A performance tecia um olhar sobre os diversos “tons de rosa” e os diversos sentidos e significados, memórias e sensações que esses tons nos trazem. Em cada movimento, falávamos de um feminino que adoece, regenera, cria e se reinventa e que precisa descobrir dia após dia que é na experiência da troca, da generosidade e da suavidade que todos nós, seres humanos, encontramos a cura. Em contato com nossos “femininos” exploramos nossas entidades/identidades corporificada em gestos, passos e movimentos, nos permitimos novas chances de estarmos e sermos “Rosa”, de ser mulher, com ou sem os estigmas que a sociedade nos impõe.
Rosa do amor, rosa da flor, rosas diversos que através da perfeita harmonia entre teoria e prática se fizeram dança e que conseguimos levar para outro país, outra cultura, não só o nosso Ruído Brasileiro, que é rosa de homem e de mulher, mas um Ruído Universal, que se consolidou no nosso olhar sobre a pesquisa, a criação e a elaboração de processos de criação em Dança.
Hoje, em 2018, vivo novamente algumas nuances da cor rosa.
Em 2017, ganhei meu maior presente: consegui engravidar e trazer ao mundo a minha filha Larissa, que atualmente está com um ano e nove meses.
Antes, durante a gestação, e com a chegada de Larissa, reviver as várias formas de “Ruído Rosa” tão presentes na vida de uma mãe de menina do século XXI (sim porque no século XXI também podemos viver outras cores que não só a cor rosa para meninas, e o “Ruído Rosa” falava disso também), tem sido fascinante, extremamente reconfortante e muito significativo. Atualmente, encontro-me em tratamento de um segundo câncer de mama (dessa vez fui diagnosticada com um tumor na mama direita), mas a certeza de que o câncer de mama e a Dança podem ser grandes aliados, me faz viver cada etapa do tratamento com muito mais força e muito mais coragem, com muito mais confiança na multiplicidade de sentidos dos vários “Ruídos Rosas” que vivemos ao longo das nossas vidas.
Dessa vez, em resposta a um tratamento bem mais agressivo do que no primeiro câncer e por isso estou lidando com transformações corporais ainda maiores. Desde o ano passado, tive que parar de amamentar Larissa (ela tinha apenas três meses de idade), e em resposta à quimioterapia, tive que assumir transformações corporais e limitações de movimento muito mais significantes do que a primeira vez, a exemplo de um maior ganho de peso, maiores dores nas articulações e a total queda de cabelos. E foi por isso que dançar se tornou cada vez mais preciso!

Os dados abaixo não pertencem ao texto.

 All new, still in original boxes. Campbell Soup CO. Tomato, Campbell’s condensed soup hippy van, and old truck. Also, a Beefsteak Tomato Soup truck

Tudo que vivi desde 2011 me faz acreditar, cada dia mais, que poder dançar não só é possível, mas essencial para alguém em tratamento de um câncer de mama. E com muita alegria e esperança de poder continuar dançando, compartilho também com vocês o meu depoimento utilizado como som para um trecho do Espetáculo MAGNA, que estreou nesse Outubro Rosa, no Festival de Dança do Recife. E com muita convicção e muita esperança de continuar levando a minha Dança ao palco, agradeço a oportunidade de compartilhar minhas experiências nesse espaço e com isso, colocar mais uma vez, o câncer de mama em cena.
DEPOIMENTO DO ESPETÁCULO MAGNA
Meu nome é Juliana Azoubel. Sou bailarina, coreógrafa, professora de dança, filha, esposa e mãe.

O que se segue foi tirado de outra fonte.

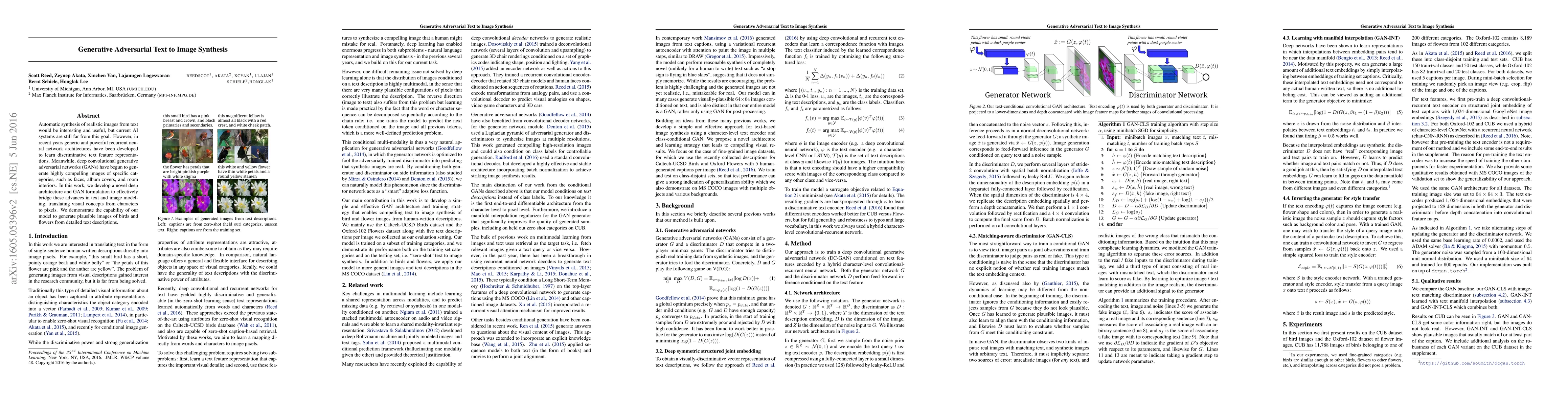 This paper introduces a novel deep architecture and GAN formulation to synthesize realistic images from text descriptions, combining advances in text feature representations and deep convolutional GANs. The model successfully generates plausible images of birds and flowers from detailed textual inputs.

Tenho 42 anos e fui diagnosticada, pela primeira vez aos 35 anos, em 2011.
Minha mãe, Inez, faleceu com câncer, um ano antes do meu diagnóstico, e por isso, a palavra câncer me trazia muito medo. Mas segui…Fiz tratamento e fui considerada curada.
Junto com a cura, veio o meu maior presente: a minha filha Larissa, que hoje está com um ano e oito meses.

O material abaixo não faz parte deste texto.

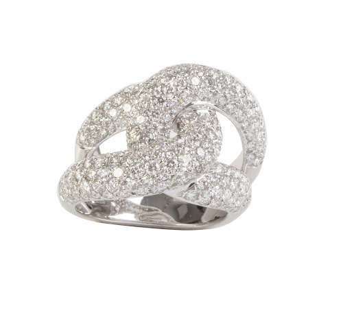 299. Sortija nudo de pavé de brillantes en dos bandas curvas entrelazadas

No ano passado, fui diagnosticada com um outro câncer de mama. E no momento estou em tratamento.
Hoje, a palavra câncer pra mim, é força, é coragem, é querer viver.
É constatação de que pudemos ser ainda mais felizes do que pensamos ser.
É perseverança. É viver e dançar mais a cada dia.
É transformar momentos difíceis em alegria.
É viver, para poder dançar mais, e para poder ver minha filha crescer!